Wuthering moors 6

I am very grateful to Natural England (that’s @NaturalEngland for those of you on Twitter, where you can find me as @MarkAvery) for sending me details of the Walshaw Moor management agreement.  They were clearly eager that I read it, so I have, and so can you here.  What do you think of it? I’d be very keen to hear from experts in upland ecology on the subject.

On the face of it, and since this apparently resolved ‘dispute’ was mostly about burning of blanket bog, the agreement seems to allow an awful lot of burning to go on – just as, I assume, the Estate wanted.  The Estate can burn active blanket bog, wet heath and degraded blanket bog as well as dry heath.

Indeed, one reading of the agreement is that it makes burning of active blanket bog mandatory with 5% of the site having to be rotationally burned each year.  Is that consistent with favourable condition of the habitat?  I would need experts to tell me the answer to that question.
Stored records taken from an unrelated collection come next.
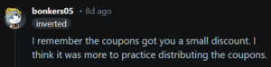 “I remember the coupons got you a small discount. I think it was more to practice distributing the coupons.”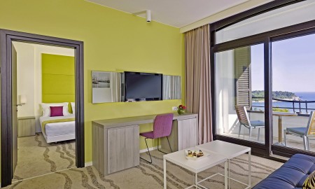 Suite: ca. 38-45 m², ein Schlafzimmer, separates Wohnzimmer mit Schlafsofa, Badezimmer mit Massage-Dusche, hochwertige Kaffeemaschine, Bose Sound Dock System, Bügeleisen und Bügelbrett sowie Hausschuhe und Bademäntel und Balkon zur Meerseite. Bei Ankunft frisches Obst und Wasser.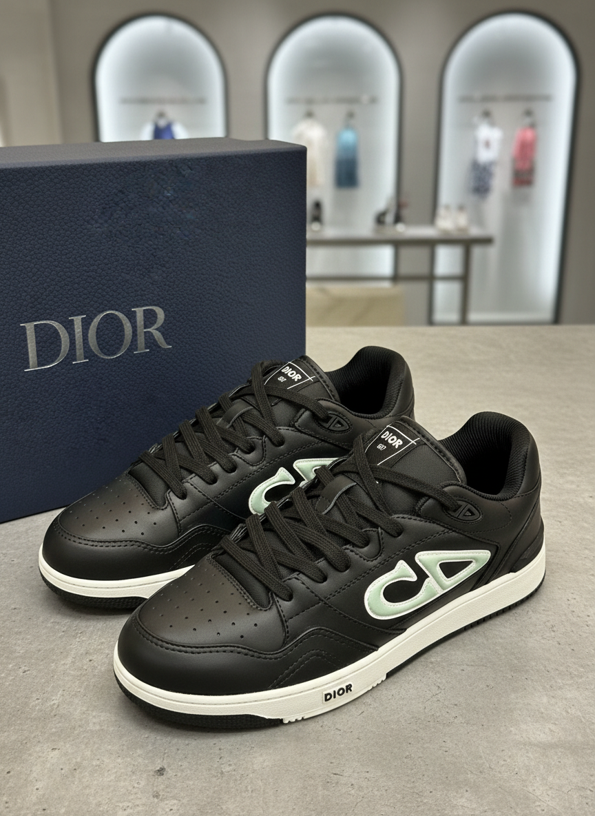 Dior black leather sneakers with white sole and green logo detail, stylish low-top design for casual wear and luxury fashion lovers.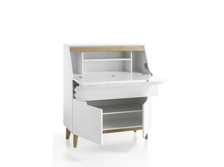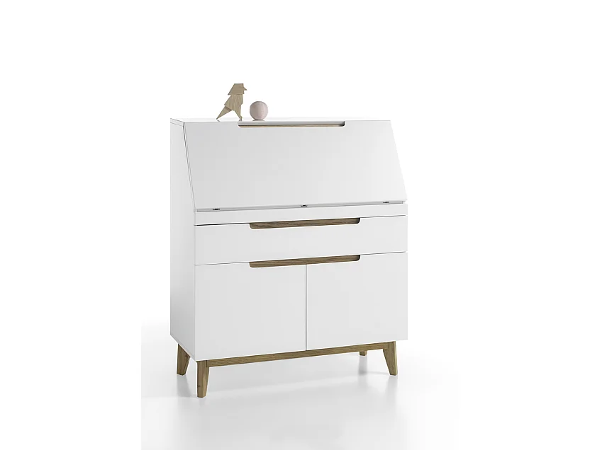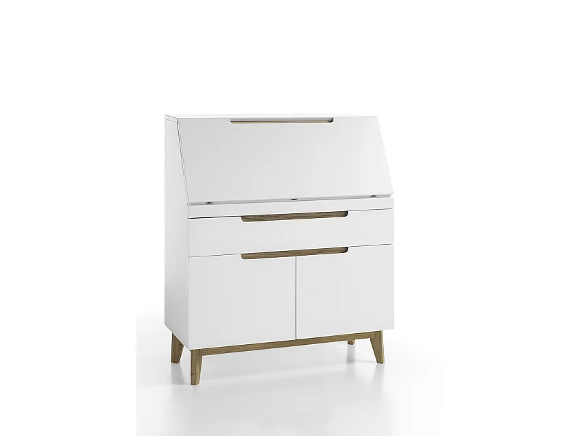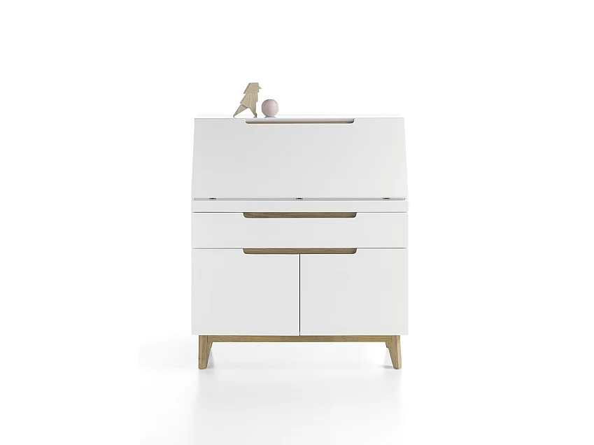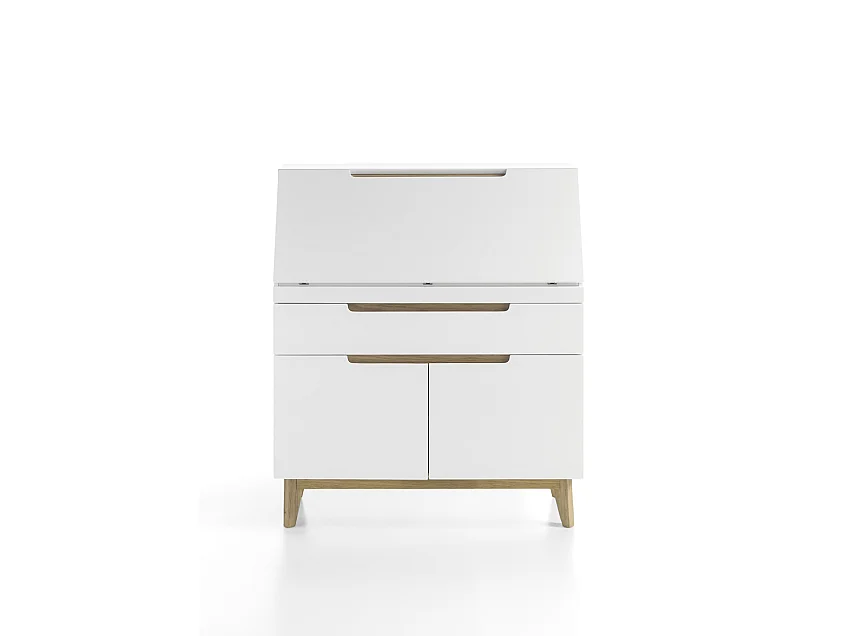 Bureau de sécretaire en laqué blanc mat avec piètement en chêne - L97 x H113 x P40 cm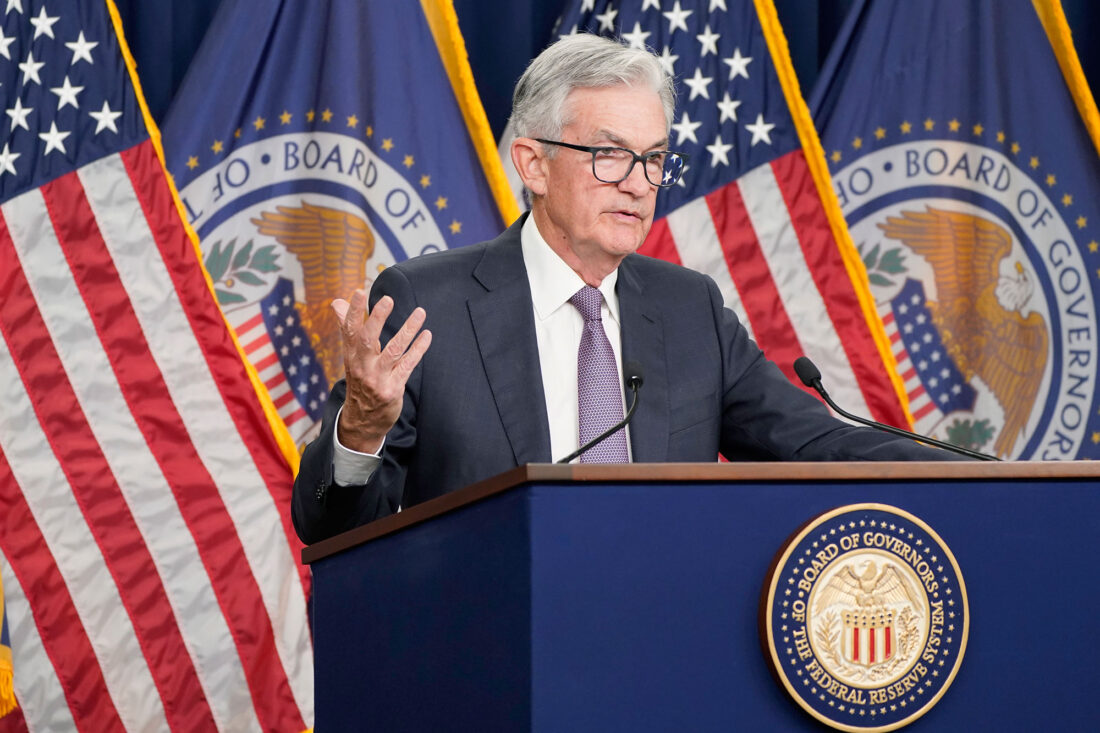 Federal Reserve Chair Jerome Powell speaks at a news conference Wednesday at the Federal Reserve Board Building in Washington. (AP Photo/Jacquelyn Martin)

It is unclear to me, but what do I know, that NE has gained anything from reaching this agreement and, more importantly, it is unclear whether the internationally important blanket bog habitat has gained anything through NE reaching this agreement?  I wonder whether the agreement meets all the concerns outlined by NE when they embarked on this case and if it doesn’t why they have reached an agreement?  Was it because they were completely wrong to be worried in the first place or is it because pressure has been applied on them?

And you might want to wonder about it too since you will be paying through your taxes for the HLS agreement that will underpin this management.
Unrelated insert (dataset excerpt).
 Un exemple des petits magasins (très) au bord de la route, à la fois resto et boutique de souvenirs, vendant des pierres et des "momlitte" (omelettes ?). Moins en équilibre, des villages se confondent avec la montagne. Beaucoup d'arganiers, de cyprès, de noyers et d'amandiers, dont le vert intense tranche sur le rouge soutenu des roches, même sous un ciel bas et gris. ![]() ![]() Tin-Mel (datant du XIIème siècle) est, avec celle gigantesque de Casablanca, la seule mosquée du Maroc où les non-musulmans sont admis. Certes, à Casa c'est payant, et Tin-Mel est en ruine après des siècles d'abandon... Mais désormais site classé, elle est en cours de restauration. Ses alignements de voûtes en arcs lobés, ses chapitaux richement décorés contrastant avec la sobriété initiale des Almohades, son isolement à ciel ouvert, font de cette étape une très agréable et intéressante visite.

I’m still rather puzzled by why NE reached this agreement so i will have to ask them and ask some other questions too.  I think I’ll be writing a few letters at the weekend and asking NE why they were worried about burning of blanket bog on this site and why they now aren’t? And I will write to Defra to ask Richard Benyon whether he had any meetings, telephone calls or paper or electronic correspondence with NE about heather burning, particularly about heather burning at this site, over the last few months.  If there are any people out there who’d like to suggest other questions, or more precise versions of those questions, then I’d be very happy to hear from you.
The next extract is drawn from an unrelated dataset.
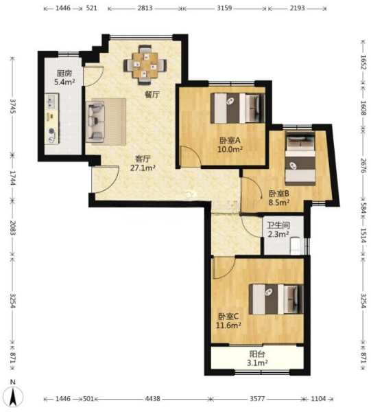 户型:3室2厅1卫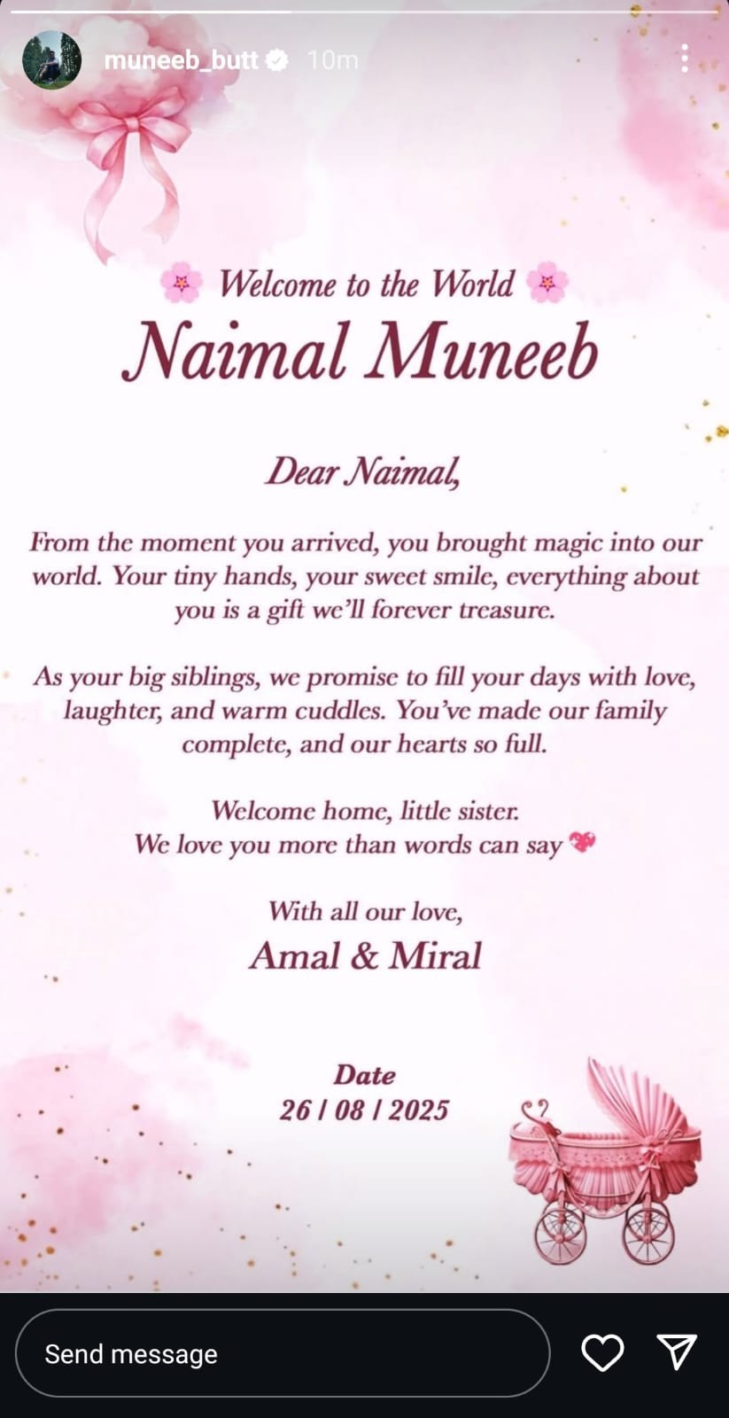 In his announcement post, Muneeb expressed immense happiness and gratitude, revealing that the couple has named their daughter Naimal Muneeb.

And this agreement is important as it seems that this has been a test case and similar agreements will apply over large areas of the uplands.

There is something about all this that sets my nostrils twitching.

[registration_form]

10 Replies to “Wuthering moors 6”

  1. Weed species first – How to create mono-culture and remove several breeding birds from a heather moor.
    Vermin control – No need to add to that one as all species that the estate want to remove will be removed.
    Blocking all drains – Did not see that there.
    New roads – Did not see that there.
    Burn as you like as all the keepers have to say is the fire got away from us.
    As Blanket Bog is supposed to reduce heather growth how will an estate encourage its expansion?

  2. Could one not argue these habitats became SSSIs only after heather burning ?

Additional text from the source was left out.